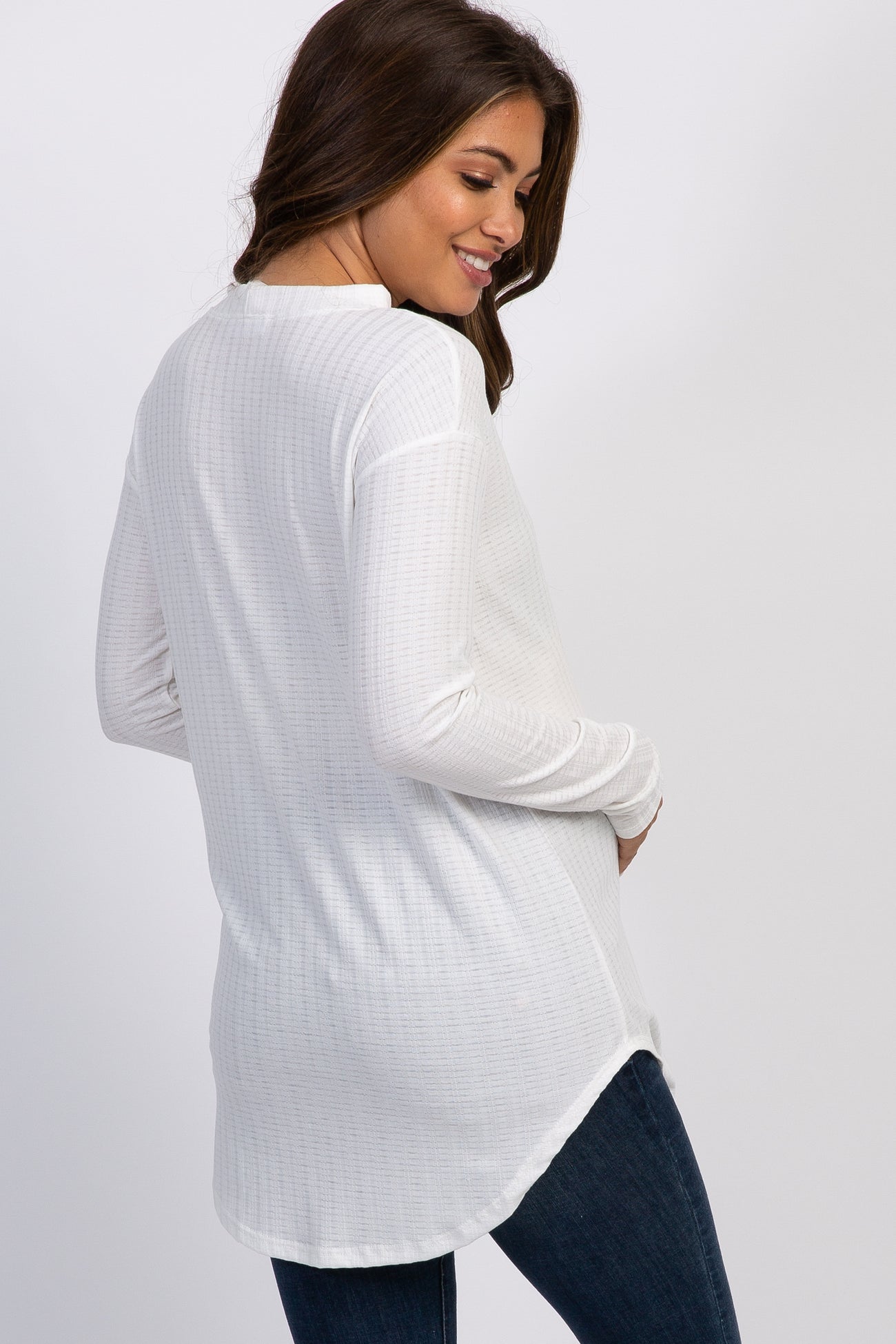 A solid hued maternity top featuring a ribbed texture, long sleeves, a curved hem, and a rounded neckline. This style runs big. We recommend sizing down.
::::::
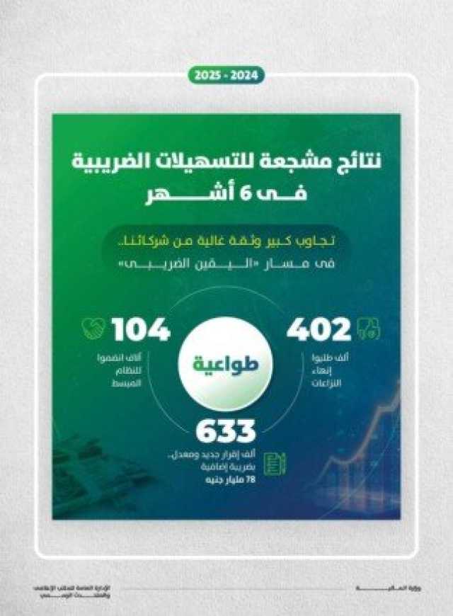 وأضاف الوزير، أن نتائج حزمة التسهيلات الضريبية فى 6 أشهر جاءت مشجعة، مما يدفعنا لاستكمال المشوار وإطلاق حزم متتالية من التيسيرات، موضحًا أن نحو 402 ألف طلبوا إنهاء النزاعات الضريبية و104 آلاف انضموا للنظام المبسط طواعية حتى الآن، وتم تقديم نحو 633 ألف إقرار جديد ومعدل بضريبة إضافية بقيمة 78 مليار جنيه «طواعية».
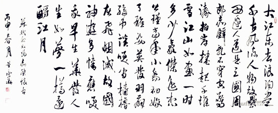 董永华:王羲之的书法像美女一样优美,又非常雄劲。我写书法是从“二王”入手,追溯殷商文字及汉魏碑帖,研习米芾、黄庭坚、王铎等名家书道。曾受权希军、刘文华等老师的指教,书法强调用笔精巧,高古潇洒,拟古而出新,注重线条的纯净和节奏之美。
::::::
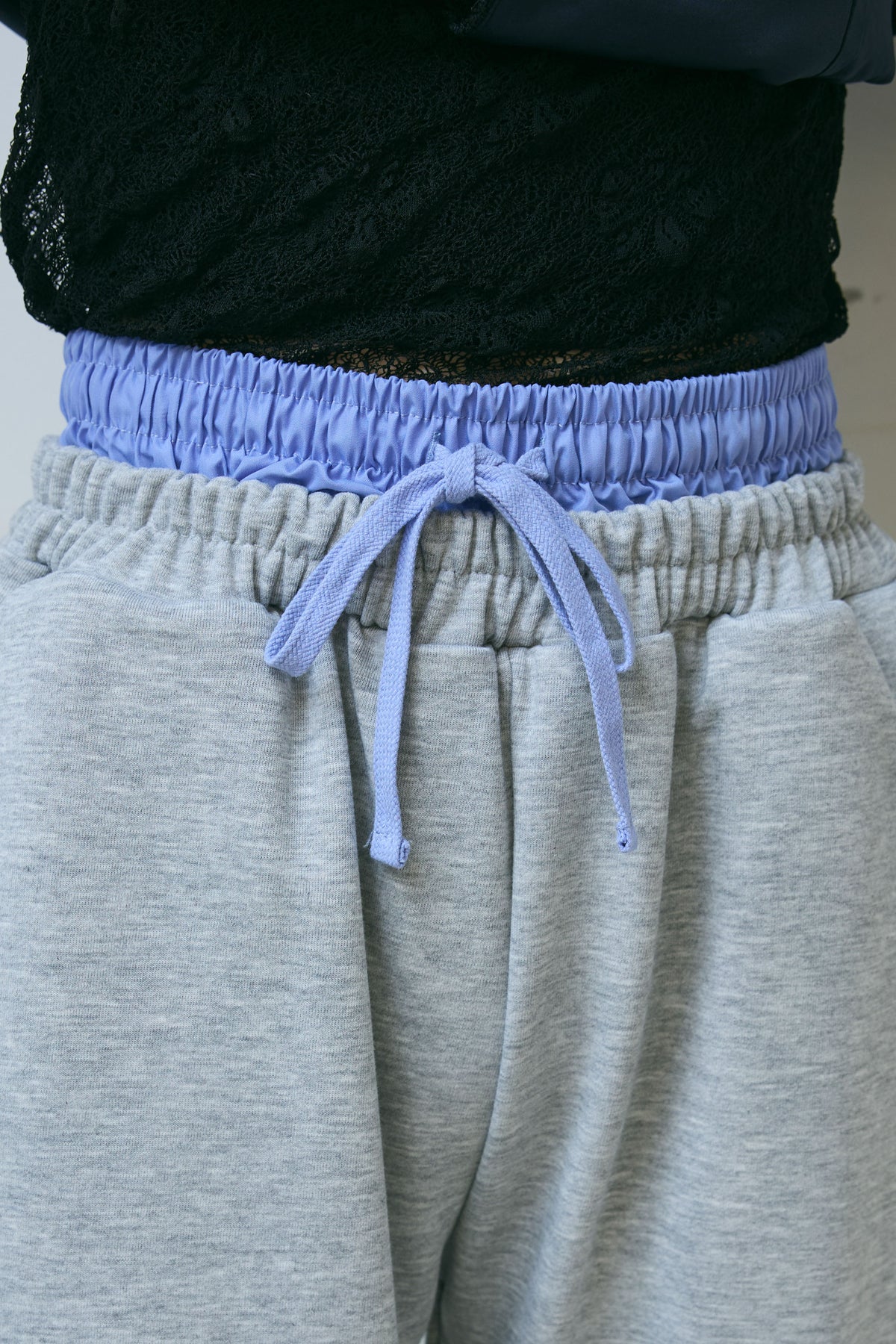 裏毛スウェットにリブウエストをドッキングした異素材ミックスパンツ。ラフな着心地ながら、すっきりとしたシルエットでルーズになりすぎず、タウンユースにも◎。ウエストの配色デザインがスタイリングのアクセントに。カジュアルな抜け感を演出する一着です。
::::::
Problem statement: Output exactly the lines above, beginning at the one with "وأضاف الوزير، أن" and stopping after the one with "董永华:王羲之的书法像美女一". Pictures are to be omitted.

Response to the exercise:
 وأضاف الوزير، أن نتائج حزمة التسهيلات الضريبية فى 6 أشهر جاءت مشجعة، مما يدفعنا لاستكمال المشوار وإطلاق حزم متتالية من التيسيرات، موضحًا أن نحو 402 ألف طلبوا إنهاء النزاعات الضريبية و104 آلاف انضموا للنظام المبسط طواعية حتى الآن، وتم تقديم نحو 633 ألف إقرار جديد ومعدل بضريبة إضافية بقيمة 78 مليار جنيه «طواعية».
 董永华:王羲之的书法像美女一样优美,又非常雄劲。我写书法是从“二王”入手,追溯殷商文字及汉魏碑帖,研习米芾、黄庭坚、王铎等名家书道。曾受权希军、刘文华等老师的指教,书法强调用笔精巧,高古潇洒,拟古而出新,注重线条的纯净和节奏之美。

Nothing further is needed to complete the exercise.